A tracker is a mortgage rate which tracks the base rate. This means that the lender will charge customers a certain percentage plus the current base rate. This can be an incredibly good deal, but it all depends on how much the lenders charge is.

Variable mortgage rates are always above the base rate because the lender wants to make a profit. This means that the amount they charge over the base rate is what they are taking to cover their expenses and make a profit. So it is important to take a look at this figure. Some trackers cost a small amount of money but theirs are more expensive and so it is important to choose the right one.

The disadvantages of trackers are that the rate can change a lot. This means that if interest rates keep going up and therefore the rate goes up, you will have to keep paying more money. This could be difficult to manage and to know exactly what you need to spend each month on the mortgage can be unsettling. However, it can be really good when rates are falling as you are paying less which is good. The tracker rate has to fall immediately when rates fall as well, when many mortgage rates have a delay or do not change when there is a fall in rates, but they tend to always go up immediately if the rate increases.
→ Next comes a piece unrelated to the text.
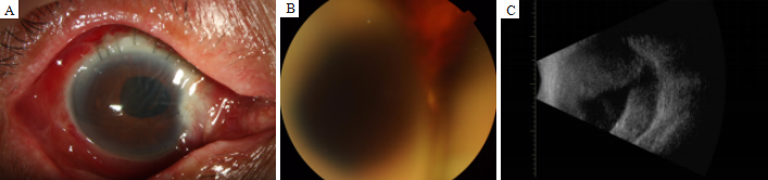 (A)The iris of the right eye returned to the anterior chamber and the pupil was nearly round; (B) Two brown-red spherical chorioretinal bulges were shown in the fundus with the optic disc visible vaguely; (C) Ocular B ultrasound showed the reducing of choroidal detachment as well as the absorption of the suprachoroidal hemorrhage in the right eye.

A tracker is probably a bit of  a gamble then, but it can mean that you get a fairer deal in some cases. If you can find one that is cheap, then this will mean that you are likely to get a good deal for the term of the mortgage. Watch out for hidden costs though, as with all mortgages there might be administration costs or other fees and so you need to add these in when you are comparing. These will be paid out in the terms and conditions which you should be able to find easily on the lenders website. They may take a bit of reading, but it is worth it. You could always ask the lender directly what all of their costs are. These are normally fees for opening the account, paying back early or over paying and late payments. There will also be costs for doing searches and things like that.